All the data below goes into the copy word for word, but the pictures don't.

◆ Input for this task

══════════

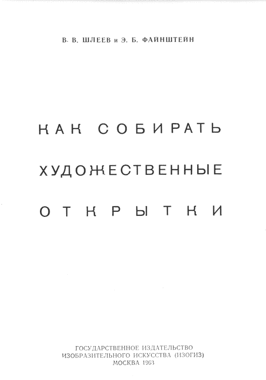 Брошюра «Как собирать художественные открытки» является вторым значительно измененным и дополненным изданием нашей работы «Художественные открытки и их собирание», выпущенной в 1960 году и вызвавшей ряд положительных откликов читателей.
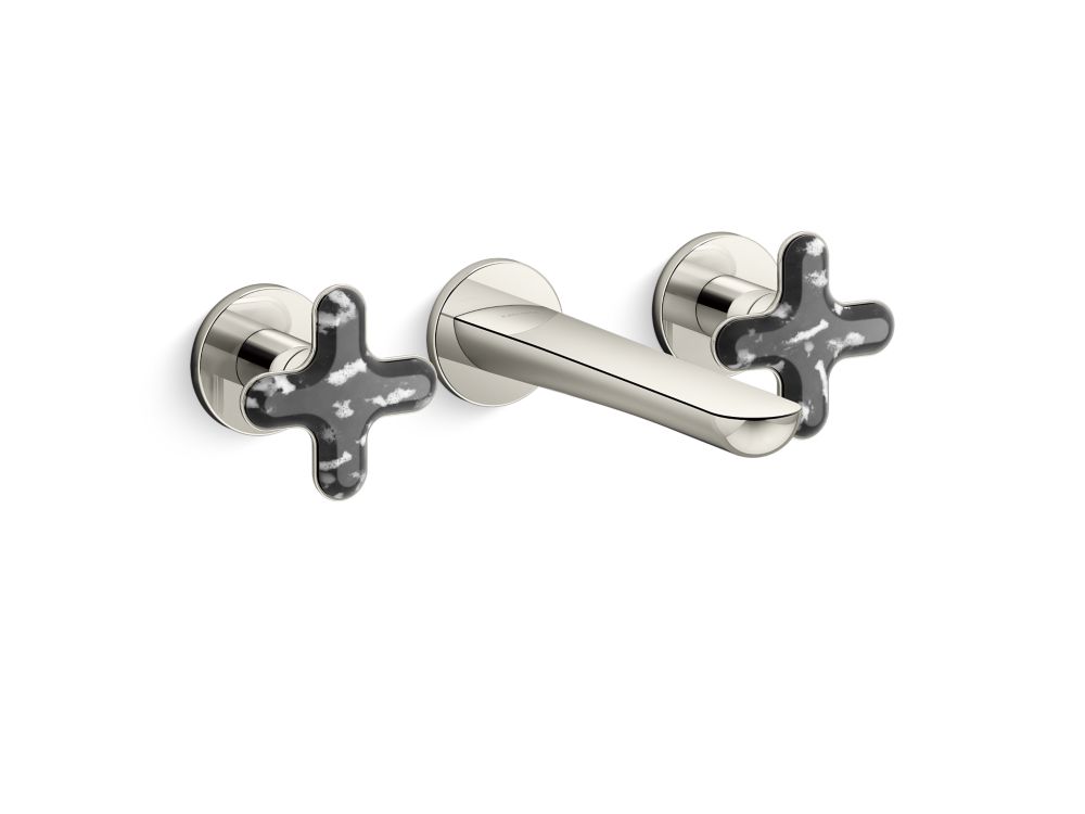 American contemporary form is embodied in the streamlined simplicity of the 002™ brassware collection, starring organic round edges and uninterrupted clean lines. This premium wall mount widespread bathroom sink faucet with upgraded cross handles will elevate your contemporary or transitional bathroom setting in both design and innovation. With a custom-engineered aerator, the user will experience a unique, artistic and splash-free water stream. Adorned with jewelry inspired handles featuring exquisite hand-crafted Italian Zebra Jasper, one of three meticulously curated natural stone offerings, and the availability in five luxurious finishes, the 002™ bathroom collection allows you to create a faucet pairing that suits your personal style.- High-quality metal construction for durability and reliability
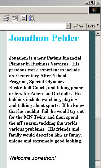 I just found this while cleaning out my email. If I remember Jon had to answer a questionnaire when he started and they turned in into this paragraph for the intracompany website. Tag it! Hilarious, Financial Planner, Welcome Jonathon!, Blue, white, teal, words |
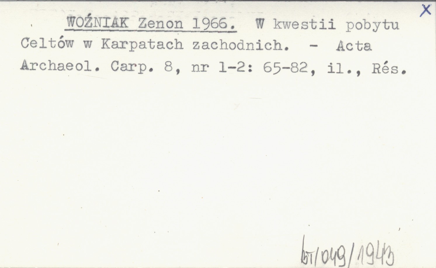 WOŹNIAK Zenon 1966 W kwestii pobytu Celtów w Karpatach zachodnich.
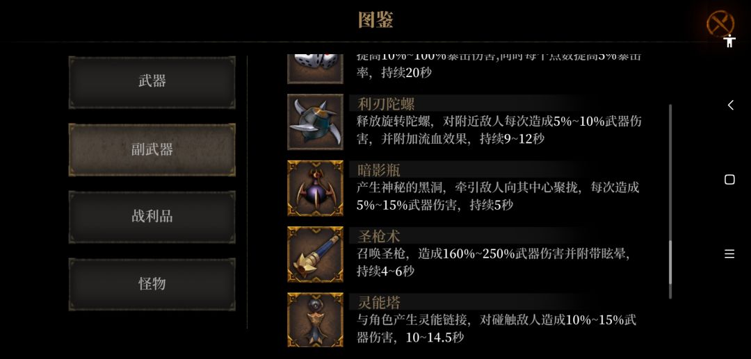 自己玩了几天也有一些心得, 萌新前期武器用弩就行了, 武器和副武器战力品别乱开,你要知道一件事,武器多了并不是好事,有时候你开局要sl好几次,而且后面商店还不容易刷出这把武器, 副武器还行,要求不是太大, 战利品别放垃圾会污染卡池的,毕竟战力品上限就那么多, 主要说下武器,开一个冲击弩和诅咒刀就好了,这把武器触发特效和吸血效果都是顶级的,其他的装备基础武器都能代替,诅咒刀一刀流核心武器 副武器开个
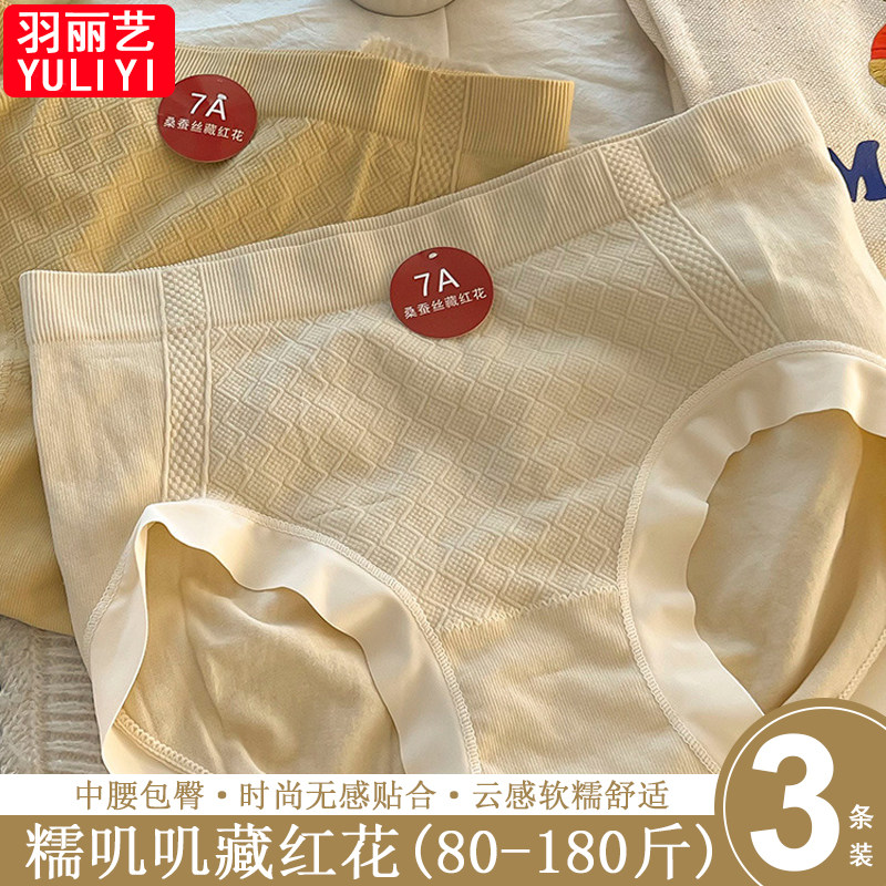 轻柔透气亲肤裸感中腰内裤女时尚无感贴合蚕丝藏红花裆女士三角裤
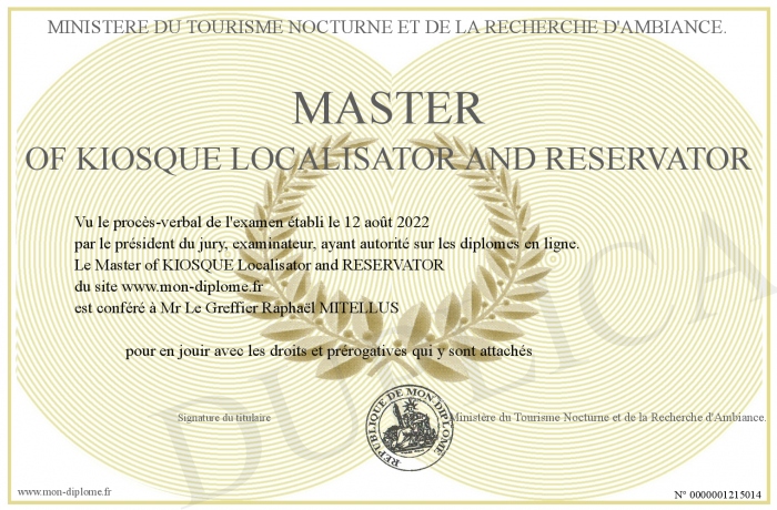 Envoyez par email votre Master of KIOSQUE Localisator and RESERVATOR personalisé
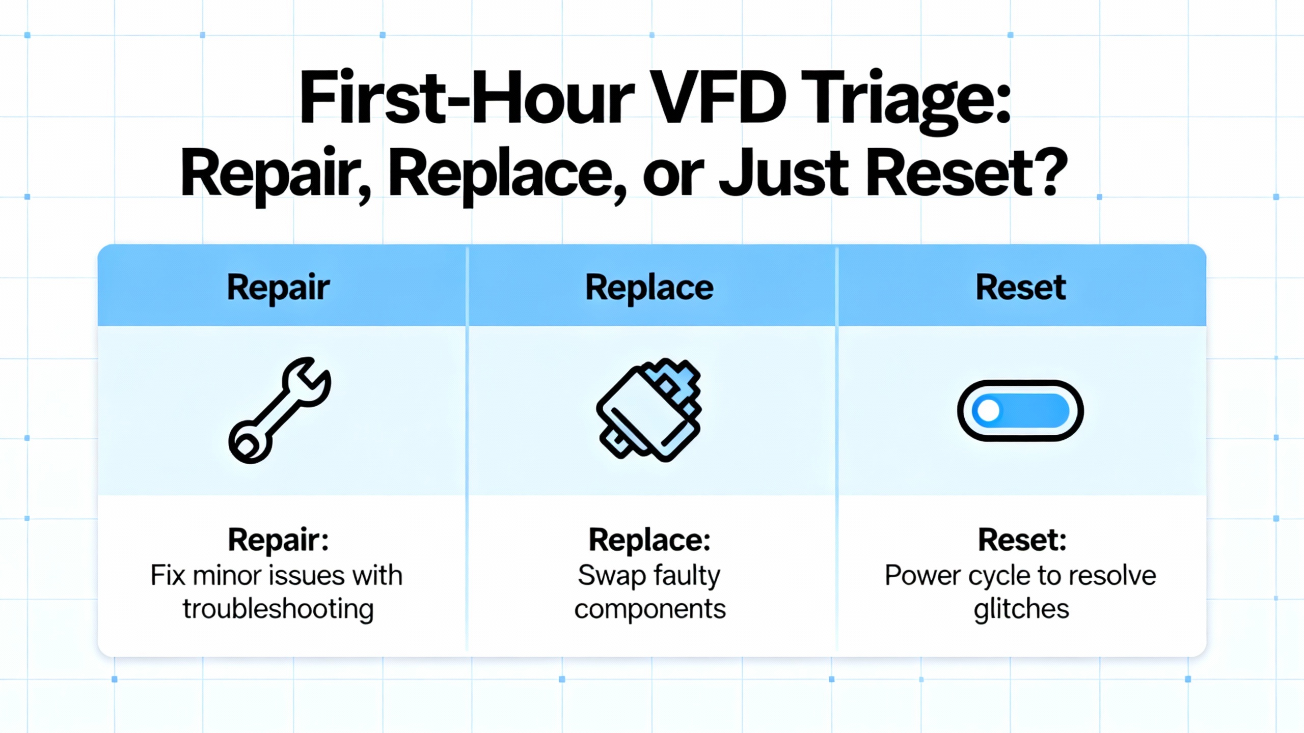 This article walks through how to think about emergency VFD parts, what actually needs to be on the shelf, how to work with same-day suppliers and repair partners, and how to reduce the chances that you will need that emergency kit in the first place. The guidance draws on field experience and on best practices documented by OEMs, integrators, and reliability organizations such as ABB, EMA, IEEE, and others.

══════════

◆ Response
 Брошюра «Как собирать художественные открытки» является вторым значительно измененным и дополненным изданием нашей работы «Художественные открытки и их собирание», выпущенной в 1960 году и вызвавшей ряд положительных откликов читателей.
 American contemporary form is embodied in the streamlined simplicity of the 002™ brassware collection, starring organic round edges and uninterrupted clean lines. This premium wall mount widespread bathroom sink faucet with upgraded cross handles will elevate your contemporary or transitional bathroom setting in both design and innovation. With a custom-engineered aerator, the user will experience a unique, artistic and splash-free water stream. Adorned with jewelry inspired handles featuring exquisite hand-crafted Italian Zebra Jasper, one of three meticulously curated natural stone offerings, and the availability in five luxurious finishes, the 002™ bathroom collection allows you to create a faucet pairing that suits your personal style.- High-quality metal construction for durability and reliability
 I just found this while cleaning out my email. If I remember Jon had to answer a questionnaire when he started and they turned in into this paragraph for the intracompany website. Tag it! Hilarious, Financial Planner, Welcome Jonathon!, Blue, white, teal, words |
 WOŹNIAK Zenon 1966 W kwestii pobytu Celtów w Karpatach zachodnich.
 自己玩了几天也有一些心得, 萌新前期武器用弩就行了, 武器和副武器战力品别乱开,你要知道一件事,武器多了并不是好事,有时候你开局要sl好几次,而且后面商店还不容易刷出这把武器, 副武器还行,要求不是太大, 战利品别放垃圾会污染卡池的,毕竟战力品上限就那么多, 主要说下武器,开一个冲击弩和诅咒刀就好了,这把武器触发特效和吸血效果都是顶级的,其他的装备基础武器都能代替,诅咒刀一刀流核心武器 副武器开个
 轻柔透气亲肤裸感中腰内裤女时尚无感贴合蚕丝藏红花裆女士三角裤
 Envoyez par email votre Master of KIOSQUE Localisator and RESERVATOR personalisé
 This article walks through how to think about emergency VFD parts, what actually needs to be on the shelf, how to work with same-day suppliers and repair partners, and how to reduce the chances that you will need that emergency kit in the first place. The guidance draws on field experience and on best practices documented by OEMs, integrators, and reliability organizations such as ABB, EMA, IEEE, and others.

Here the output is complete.